As I rang the number back I tried to chill out, in case it was someone I knew trying to get me on a different number. But when the guy picked up, I think my annoyance shot through the phone before I could suppress it.
Stranger - Hello?
Me - *pause* Who is this?
S- Mambo?
M- Poa. Who is this?
S- What's your name?
M- It doesn't matter what my name is. You keep calling my number.
S- I'm in some trouble, I need your help.
M- I don't even know who you are.
S- My name's Elijah.
I quickly searched through my head to find any Elijah that I knew that would have my number. I came up empty.
M- Where did you get my number?
S- *hesitation* I found it in my phone.
M- What do you mean you found it in your phone? How did it get there?
S- *another hesitation* My friend had it, maybe he put it there.
M- Listen, I don't know who you are and you need to stop calling me.
S- Why?
M- *baffled* Because! (I know, I'm very clever when taken off guard)
S- But I need to know you.
M- Don't call me again. Bye.
I hung up the phone and stored him in my address book as 'Don't answer - Elijah.'
I wanted answers I knew I would probably never get.
Who was this Elijah? Did I actually know him and just yelled at an acquaintance?
Had some taxi driver given him my number? Had a friend given him my number?
Had he found or stolen a phone that had my number in it and was looking for a way to scam it's address book inhabitants? If so, how excited he must have been to hear my voice; a non-Kenyan accent.
If he really wanted to talk and be taken seriously, why wouldn't he buy credit and call me instead of making me pay for the phone call?
Even if he was in trouble... This situation raises LOADS of security issues if I were to believe him.
But the thing that pissed me off more than that was that this day was crap and I should have seen it coming.
Yesterday I had a bit of a breakthrough. I had been coming through a slightly spiritually challenging week. You know, same old baggage: I'm physically tired, old wounds like to sting every once in a while, I question my usefulness here, can God really use me? etc. etc.
(Side note... Kenyans don't say et cetera, they actually say the letters E T C - bizarre)

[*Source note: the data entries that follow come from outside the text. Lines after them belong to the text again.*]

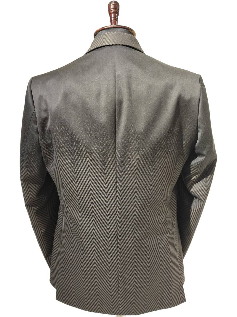 | Product Description | Elegant Charcoal Grey Blazer Featuring A Bold Chevron Weave Pattern That Adds Depth And Luxury To The Overall Look. Crafted In Premium Textured Suiting Fabric, Offering A Smooth Handfeel With Subtle Sheen For Evening And Occasion Wear. Tailored With A Sleek Notch Lapel, Structured Shoulders, And A Sharp Slim Fit Silhouette For A Refined, Modern Appearance. Detailed With Matching Chevron Patterned Flap Pockets, Two Button Front Closure, And Neatly Finished Sleeve Buttons For A Polished Finish. Paired Best With A Solid Dark Shirt To Highlight The Intricate Woven Design, Making It Ideal For Receptions, Parties, And Premium Events. |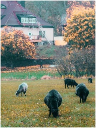Peaceful sheep grazing in a lush autumn field in Grinda, Stockholm.
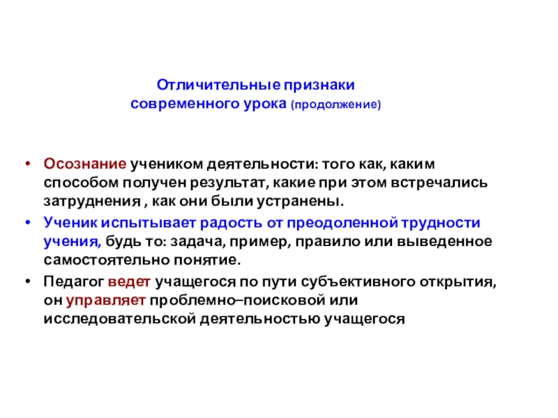 Педагог ведет учащегося по пути субъективного открытия, он управляет проблемно–поисковой или исследовательской деятельностью учащегося
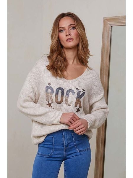 – dekolt: V- wzór splotu: luźny- krój: luźny- nadruk: w formie napisu- look: jednokolorowy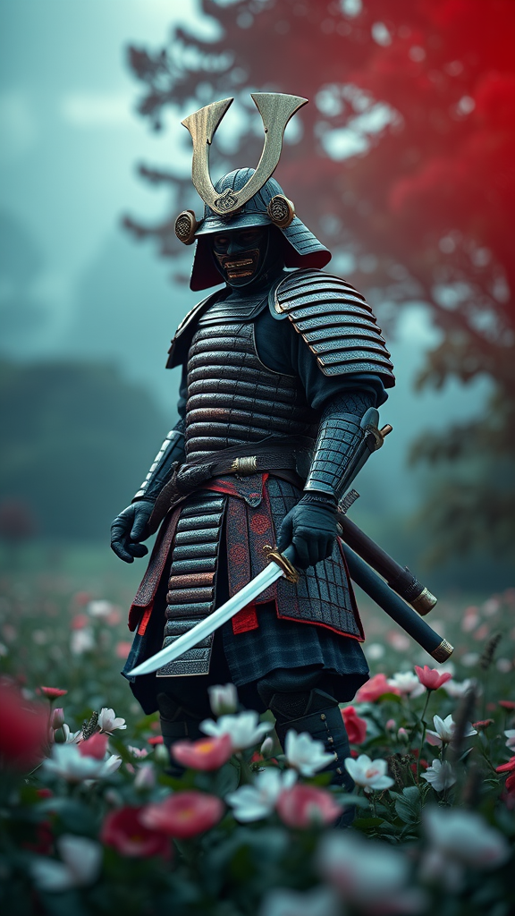 A majestic samurai stands tall in full armor and helmet, wielding a katana on a lush, flower-strewn plain. The scene is captured in breathtaking cinematic quality using Unreal Engine 5, featuring rich color grading and editorial style photography. Shot on a 70mm lens, the depth of field and tilt blur create a striking focus effect, with the shutter speed set at 1/1000 and aperture at F/22. The image boasts a 32k white balance, super-resolution, and megapixel clarity in ProPhoto RGB. Atmospheric lighting is a blend of natural, incandescent, and studio lighting, with optical fiber effects adding a moody ambiance. Volumetric lighting and contre-jour techniques enhance the scene's dramatic mood, while global illumination and ray tracing provide realistic reflections and shadows. A red rim light casts a cool, enigmatic glow over the scene, complemented by scattering and shimmering effects. The composition utilizes techniques like anti-aliasing and advanced shaders for a hyper-realistic, intricately detailed image. In post-production, cel shading, tone mapping, and VFX add a dynamic, elegant touch. The samurai is captured in a dynamic pose, centered in this hyper-maximalist, super detailed epic artwork that combines both CGI and traditional photography elements.

So I found myself, again, toying with the idea of believing I lack worth and God reminds me of so many great truths! I am blessed beyond what I deserve, my salvation is solid and paid for, He is listening and knows my heart, He loves me in spite of my imperfections (or should I just call it what it is - my SIN) He has chosen and called and given me a purpose and He continues to pursue me when I stupidly forget that He is standing right there.

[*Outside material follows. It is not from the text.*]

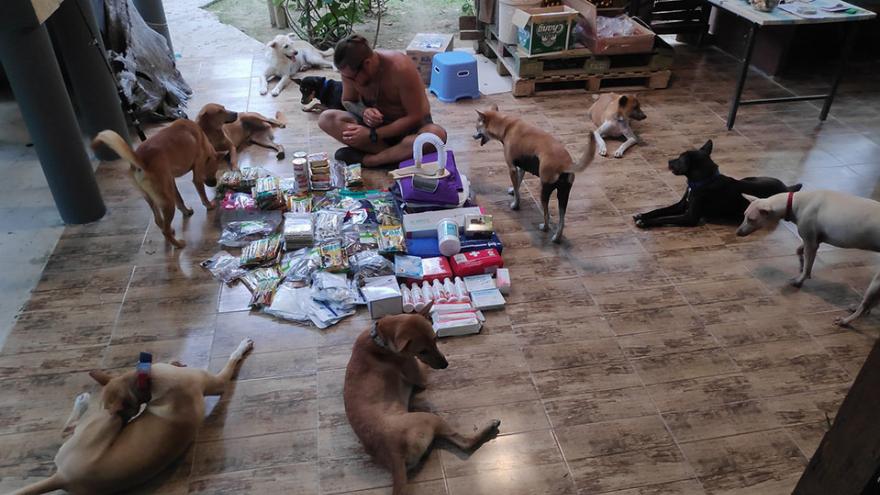 Όταν το ζευγάρι έφτασε στο νησί, άρχισε να υιοθετεί σκύλους και πήρε 15 από αυτούς. Δύο από τα σκυλιά ήταν τυφλοί και είχαν άλλες τέσσερις αναπηρίες.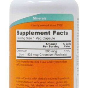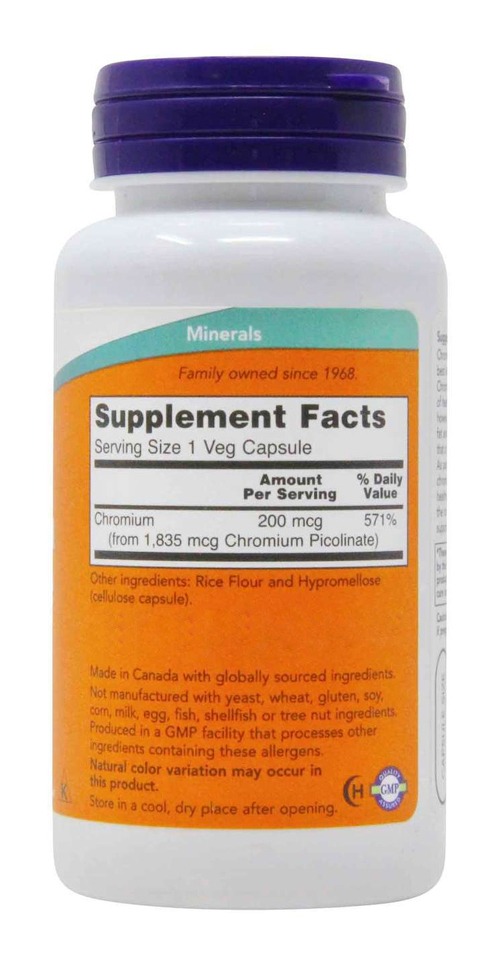 Picolinato de Cromo 200mcg Now foods 100 Capsulas Vegetarianas / No Brasil   O Picolinato de Cromo é um mineral essencial que é mais conhecido por seu papel como co-fator de insulina, sendo portanto, essencial para a manutenção do bem-estar do metabolismo da glicose e dos carboidratos, é importante para a utilização de gordura e proteína. Nesta formular de 200mcg da Now Foods você pode contar com as quantidades necessárias desta substância para complementar facilmente sua dieta alimentar, a partir de cápsulas de softgels que podem ser rapidamente absorvidas pelo organismo, apenas uma cápsula por dia junto a uma refeição é tudo que você precisa!   Outros Ingredientes: Outros Ingredientes: Farinha de Arroz e Hipromelose (cápsula de celulose).   Fabricado sem fermento trigo, glúten, soja, milho, leite, ovo, peixe, marisco ou nozes.   Recomendações de uso: Tome 1 cápsula ao dia com uma refeição   Cuidados: Apenas para adultos. Pode ocorrer variação de cor natural neste produto. Mantenha fora do alcance de crianças.   Armazenamento: Armazenar em local fresco e seco após a abertura.   Dimensões: 6,6 x 6,6 x 11,3 cm Peso: 0,178   1x Frasco com 500 softgels   Vide Validade

So I found joy in being reminded of these truths and found strength enough to surrender some other baggage. And that evening I had an amazing talk with my friend via Skype and we prayed together and talked about our struggles and even decided to memorize some scripture together which correlated with the state of our hearts of late. And I went to bed excited, with Romans 12:9-21 in my head, anticipating a great day.

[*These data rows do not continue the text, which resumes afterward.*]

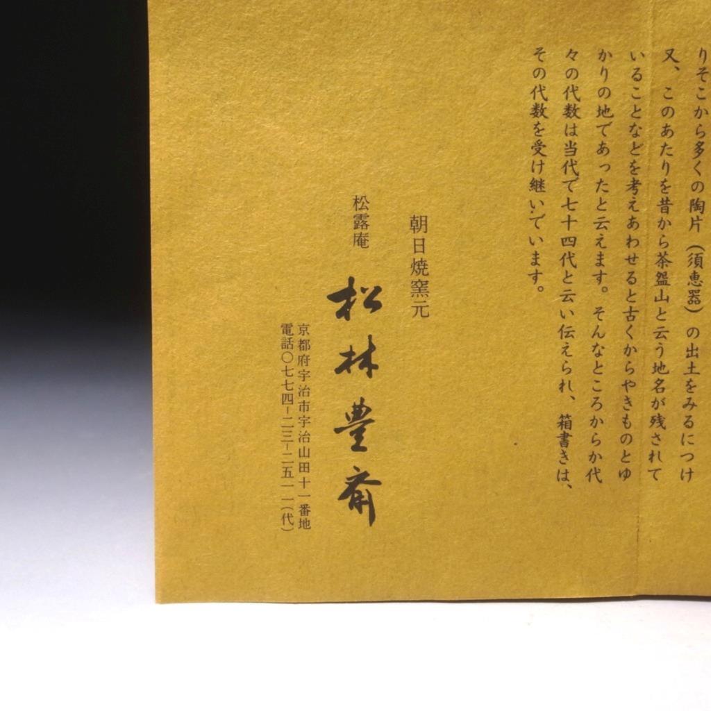 Matsubayashi Hosai has been selected for the Nitten Exhibition and the Japan Craft and Fine Art Exhibition. Held his very first private exhibition at the Mitsukoshi’s department store in Osaka in 1952 and three years after, his premiere exhibition at Mitsukoshi’s located in Nihombashi in 1955. Since then held over 30 private exhibitions at Takashimaya in Kyoto and other venues. He is an executive of the Kyoto Traditional Ceramic Society.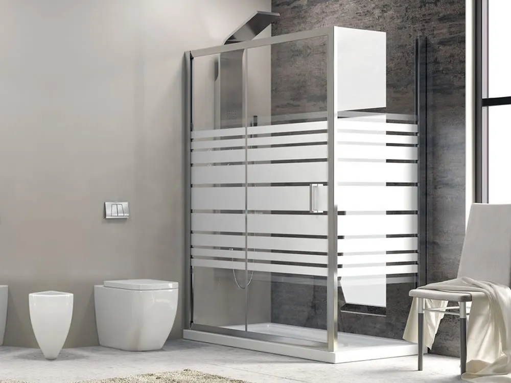 Ορθογώνια καμπίνα ντουζιέρας με κρύσταλλο Σεριγραφάτο ασφαλείας Flora N-500 REC LN 110 x 90 cm με 1 Συρόμενη Πόρτα και 1 πλαινό σταθερό φύλλο.
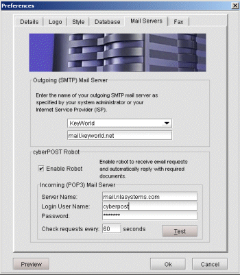 For security reasons, certain database drivers require a login name and password to log into their database. Enter your database login name and password here to enable cyberPOST to gain access to it.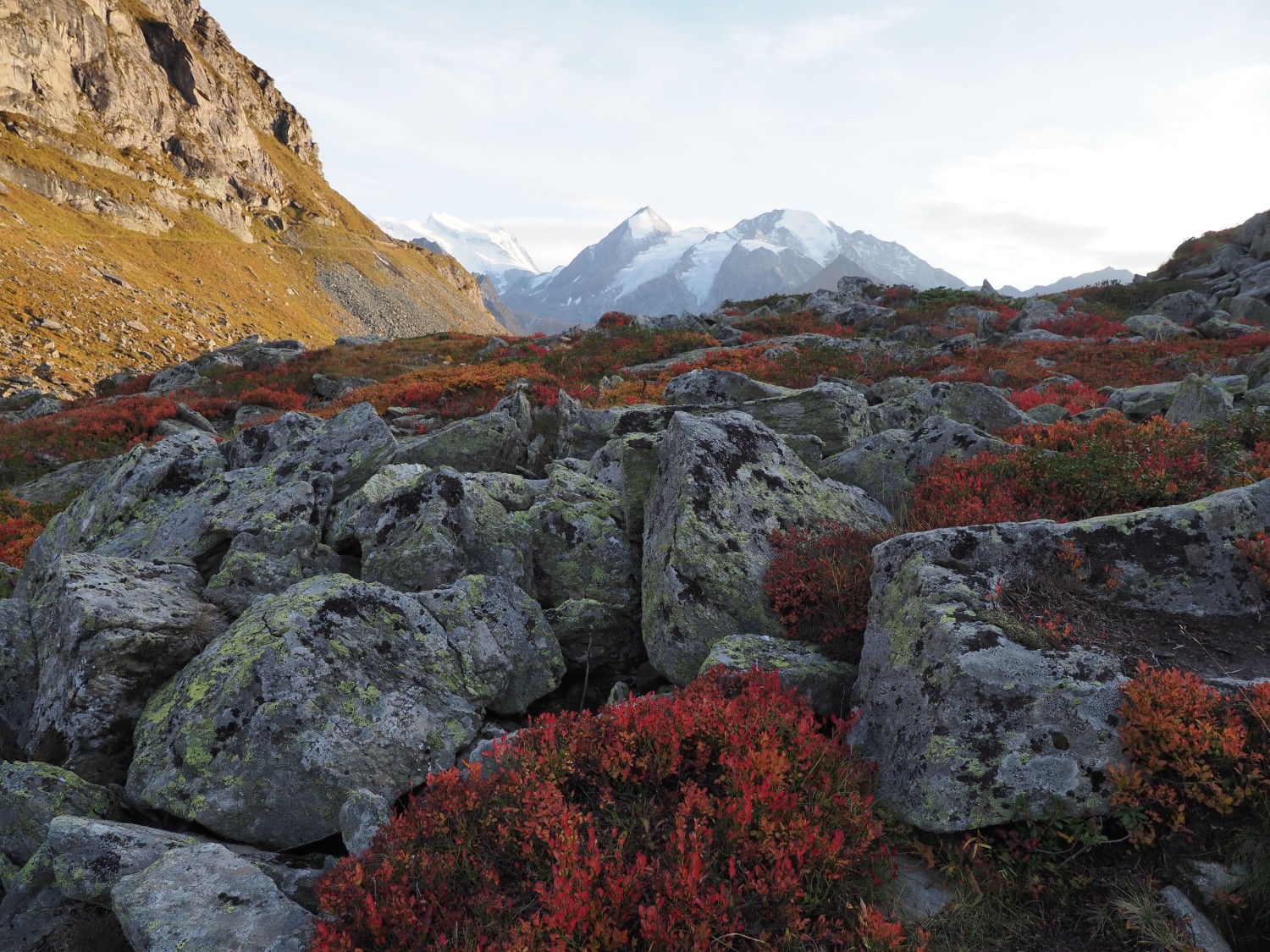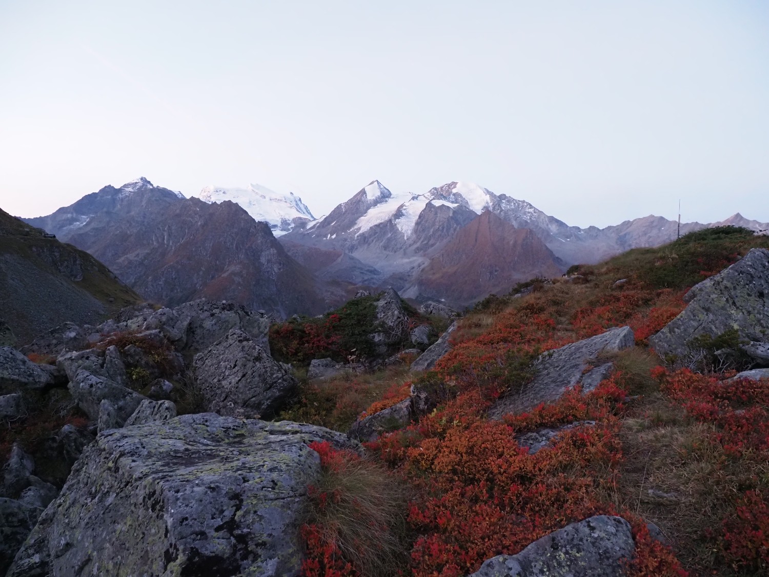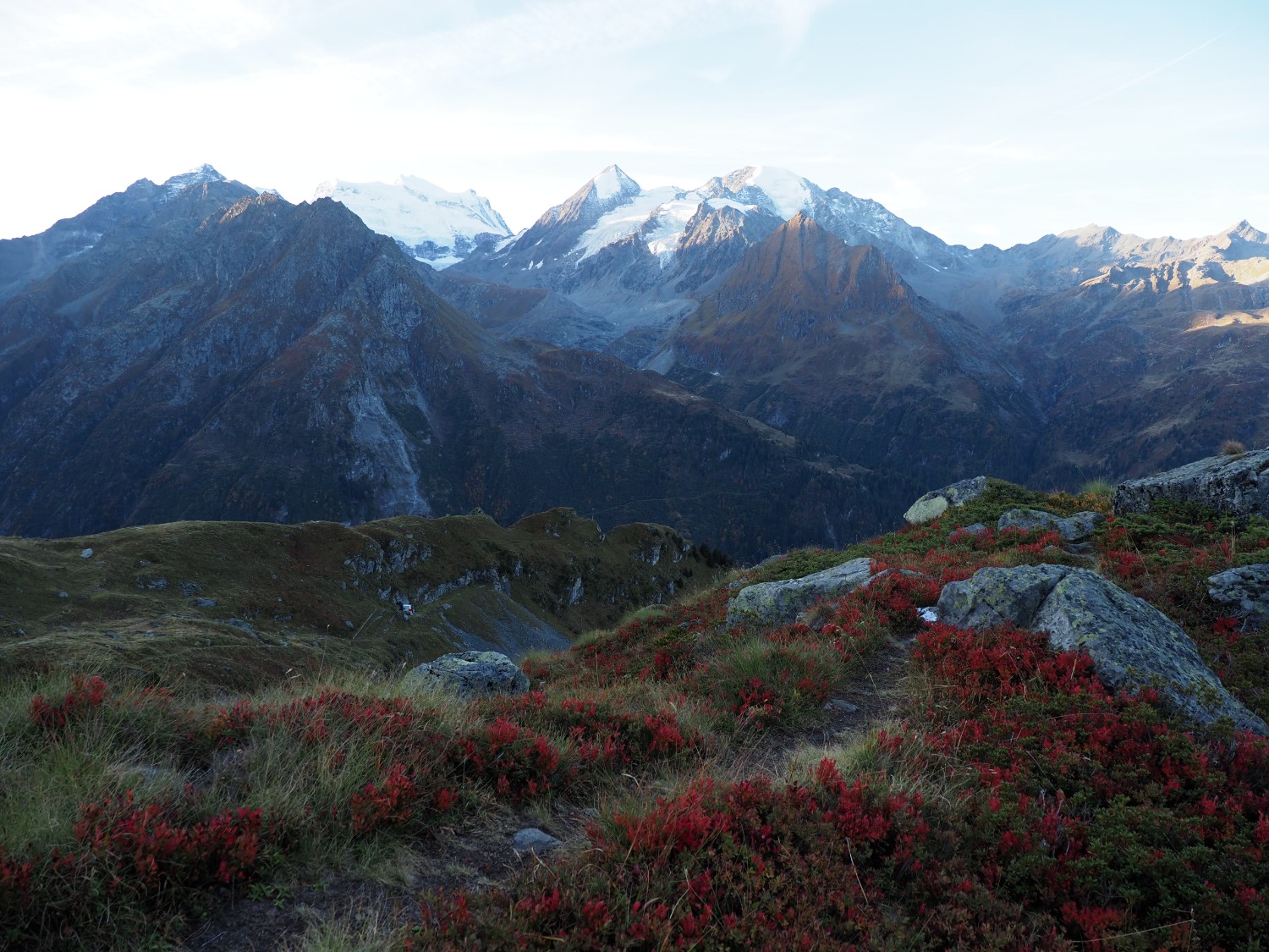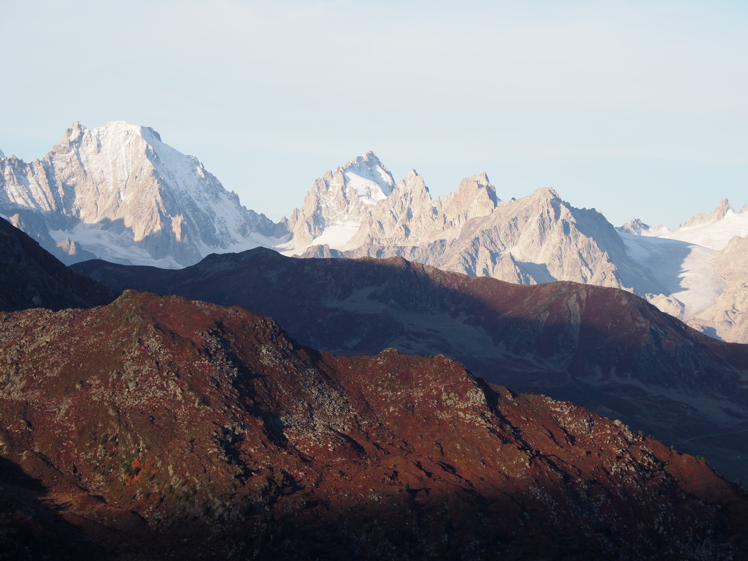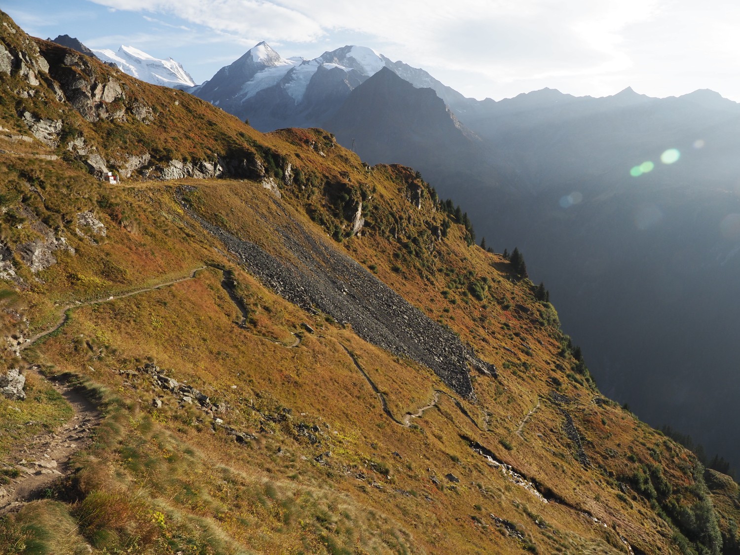 หันหลังไปมองทางที่เดินขึ้นมา เห็น Grand Combin บางส่วน

But the phone rang at 6:30am,
I found a message from someone who I've been trying hard to forget,
My boots broke and the rain came down hard on my unprepared wardrobe,
A friend picked a fight with me for no reason other than he thought it was funny
and then my new phone stalker called once more.
I failed.
I failed miserably. I don't think anyone could see Jesus in me today. My spiritual high came crashing to the ground when I let my guard down for one moment and lacked love in a lot of things. If you have a relationship with Christ you will agree with what I'm about to say because you have inevitably experienced it.
When you take one step closer to God, Satan will try to crush you.
My buttons were pushed, my heart was aching, my blood boiled a little and more buttons were pushed. I believe that's what happened to me today: Satan was trying to distract me. And God was probably there like, 'woah, wait a second, what about yesterday?'
But I still know the truth. I may have failed, but I'm not a failure. God's still working on me. And the next time you find yourself distracted from the truth, I hope you will see the distractions for what they are and be victorious.
Even in the midst of these crappy days, we can see His faithfulness. Romans 12 has stung this week as I am challenged that if those are marks of a true Christian, there is still much work that needs to be done in me! I pray your day today was better...not because of what happens but because He overwhelms your heart with praise and thanksgiving towards Him. Remember, He has already met your greatest need and has rescued from the dominion of darkness and brought you into the marvelous light. He is good! Love you girl!